A judicious review of the records in the case at bench, indeed, fails to show that substantial legal
basis was shown to support the herein questioned collective award for the questioned damages.
We are, therefore, constrained to disregard them.

As regards the other issues raised by petitioner, the findings of the appellate court, involving
such as they do mainly factual matters that are not entirely bereft of substantial basis, must be
respected and held binding on this Court.

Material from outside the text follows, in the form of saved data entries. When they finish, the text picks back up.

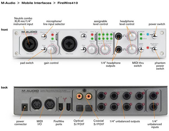 paramètres tels les signaux MIDI et l'alimentation fantôme
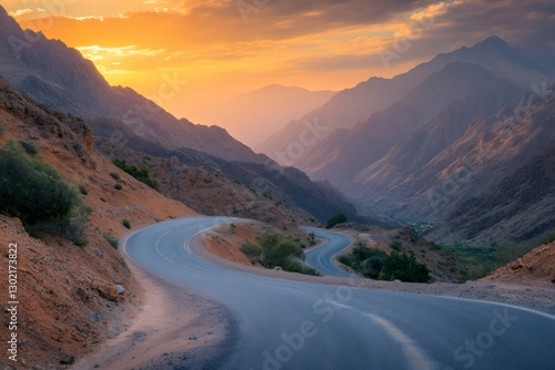 road, mountain, sunset, landscape, morocco, winding, travel, nature, scenery, mountain chain, dusk, evening, scenic, drive, journey, adventure, destination, asphalt, transportation, winding road, mountain road, road trip, curve, outdoors, wanderlust, exploration, tour tourism, picturesque, dramatic, golden hour, north africa
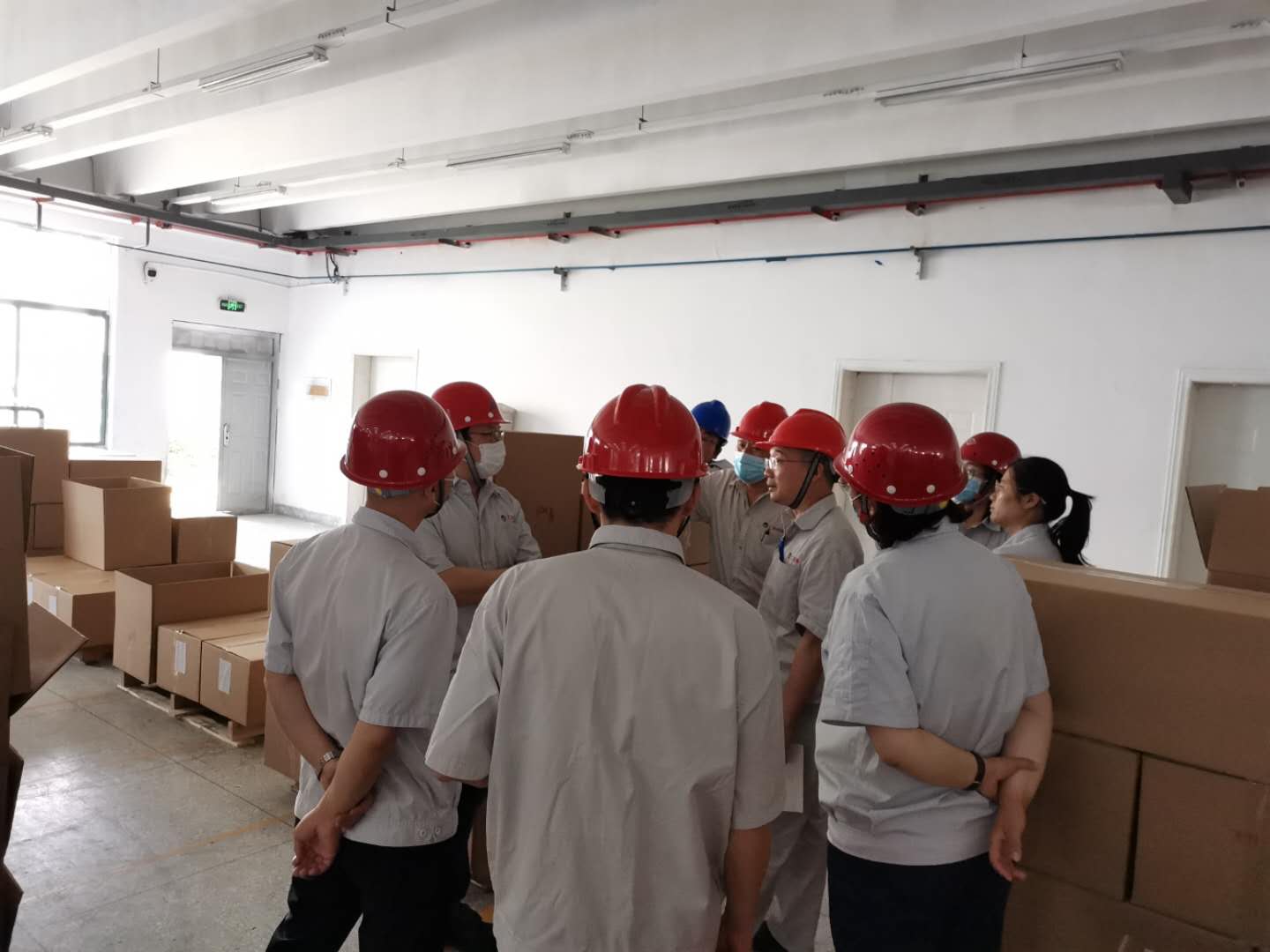 5月25日上午,公司領導班子到二期車間成品絲卷繞區現場辦公,集體會商,研究解決生產難題。
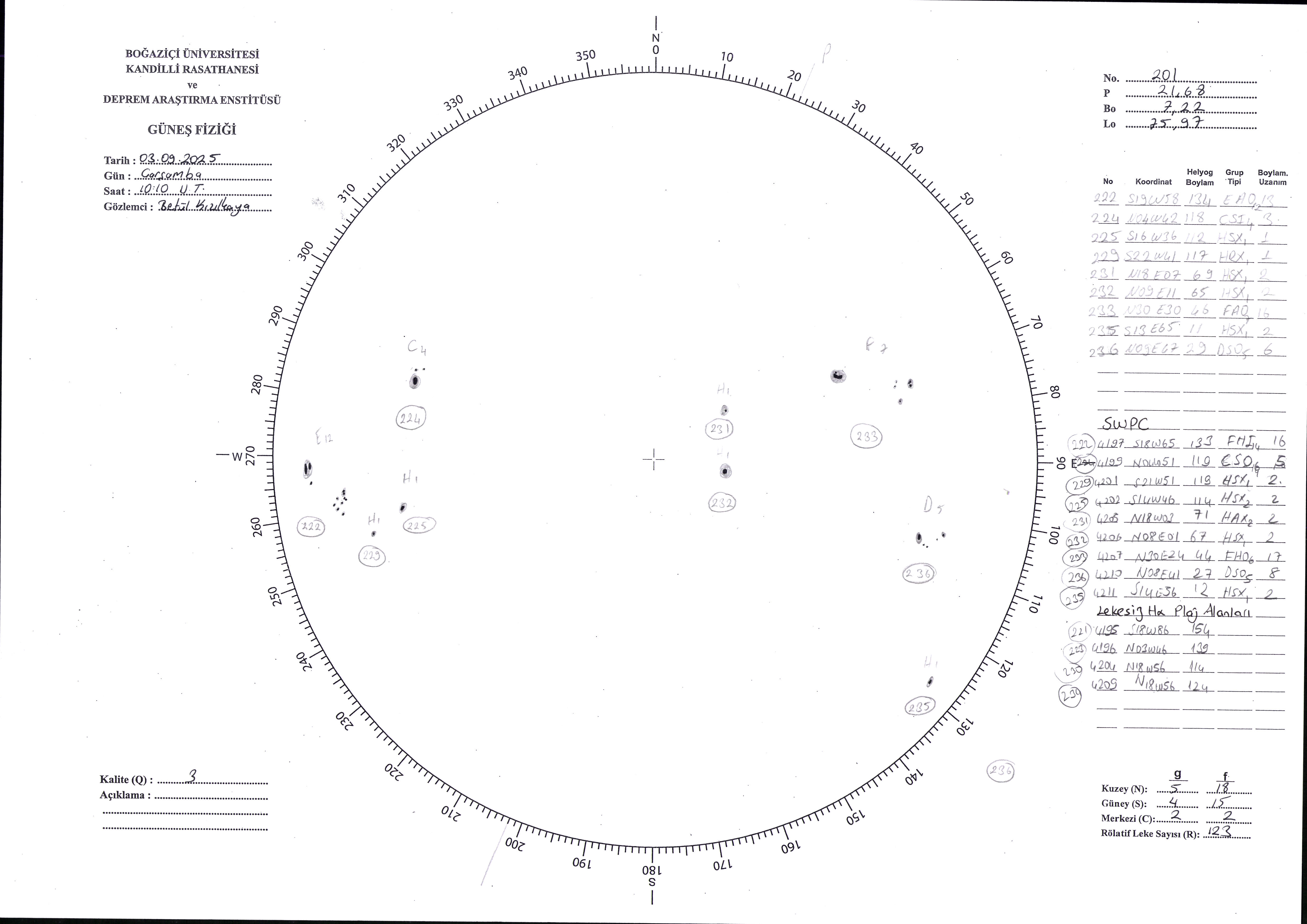 Güneş Lekesi Çizimi - 03.09.2025
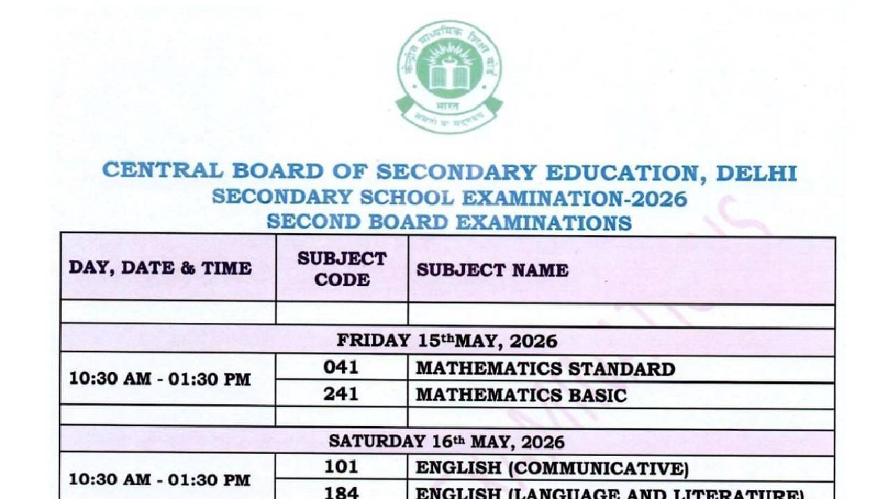 CBSE 10 Second Board Exam: CBSE 10ನೇ ತರಗತಿ ಎರಡನೇ ಬಾರಿಯ ಬೋರ್ಡ್ ಪರೀಕ್ಷಾ ವೇಳಾಪಟ್ಟಿ ಪ್ರಕಟ; ಮೇ 15ರಿಂದ ಪರೀಕ್ಷೆ ಆರಂಭ
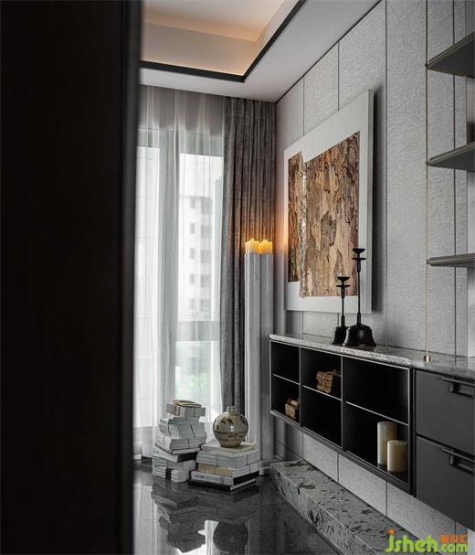 煮茶一盞,書卷一疊,沈靜的語言貫穿空間規(guī)整之中,詩情畫意與日常的生活交疊相合滲透出淡泊悠遠(yuǎn)之意。
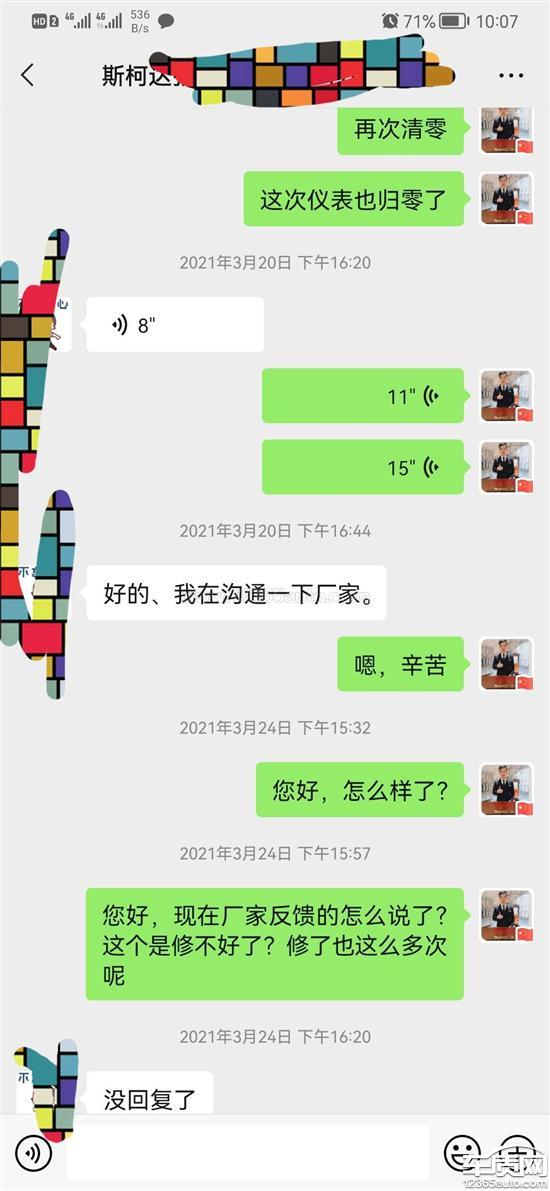 从2020年刚提车没多久就出现清零,之后多次清零,联系4s店,上传厂家,升级改版,拆导航线,又出现再次联系4s店,上传厂家,更换仪表盘,过时间又出现,还是没解决,再次联系4s店,上传厂家,厂家不回复,之后多次联系厂家,400热线,一推二五六,现在电话直接不接,就这样被无视了,马上过保,从刚提车出现问题,到现在2年多,一直和4s店打交道,4s店都混的可面熟了,把他们售后都熬走了几波,4s店一听明锐都知道我的车,想请问下斯柯达就是这样对待广大用户吗?这样的品牌如此寒客户的心,谁还敢再相信;Ps:一年半的时候车子天窗框架开裂,车内异响,变速箱异响,油耗保持10个左右,也许厂家和开车习惯有关,反正品牌宣传是省油,我这辆车是没看到省油,更别说省心了。
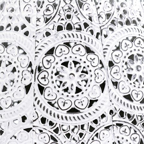 Itämainen dekadenssi kohtaa shabby chicin maalaismaisen viehätyksen: henkeäsalpaavan kaunis yhdistelmä, joka tekee tästä valkoisesta sipulimaisesta lyhdystä ainutlaatuisen katseenvangitsijan terassilla tai parvekkeella. Tyypillistä vintage-ilmettä varten kevytmetalli pestiin valkoiseksi ja varustettiin koristeellisilla, kukka-aiheisilla koristeilla ja kuvioilla, jotka samalla huokuvat 1001 yön tunnelmaa. Rei'itetyt elementit antavat sisälle asetetun kynttilän valon välkkyä kauniisti ja luovat näin lämpimän, ystävällisen tunnelman.Laterna muistuttaa muodoltaan itämaista lyhtyä ja sopii kokonsa ansiosta erityisen hyvin sisääntuloportaiden, puutarhapolkujen ja kukkapenkkien reunojen koristeeksi. Erikoisen tunnelman luomiseksi voit myös sijoittaa lyhdyn puutarhasi puiden kannoille tai Välimeren alueelle istutettujen vintage-muotoiltujen kukkaruukkujen väliin. Romanttisena pöydänkoristeena ruokapöydissä ja sohvapöydissä tai lipastoissa, lipastoissa ja ikkunalaudoilla lyhtymäinen lyhty tekee vaikutuksen ja kylvää huoneen tai terassin tai parvekkeen lämpimään valoon. Voit muuten käyttää tätä myös pimeänä vuodenaikana, sillä hienona joulukoristeena seisova lyhty näyttää Kristuksen lapselle tietä.
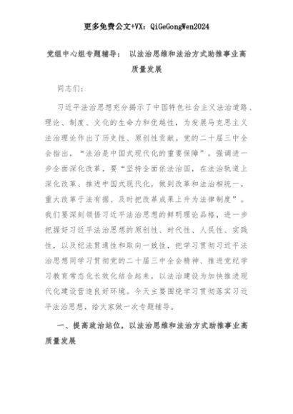 【七哥公文】2025年:党组中心组专题辅导: 以法治思维和法治方式助推事业高质量发展+更多免费公文+VX:QiGeGongWen2024+更多免费公文+VX:QiGeGongWen2024
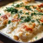 Pour remaining white sauce evenly over rolled enchiladas, ensuring they’re completely covered. Sprinkle remaining Monterey Jack and cheddar cheese over the top for that golden, bubbly finish.

In passing, we have taken note of the fact that the RPB, itself a judgment co-debtor in
solidum with Del Mundo, did not join the latter in this appeal. The Court, accordingly, cannot here
and now make any pronouncement on the effects of said bank's payment to Del Mundo under
and by virtue of the appellate court's appealed decision.

WHEREFORE, the decision of the Court of Appeals is accordingly MODIFIED by deleting the
award of P200,000.00 for actual and moral damages. In all other respects, the appealed decision
is AFFIRMED. No costs.

SO ORDERED.

Feliciano, Bidin, Romero and Melo, JJ., concur.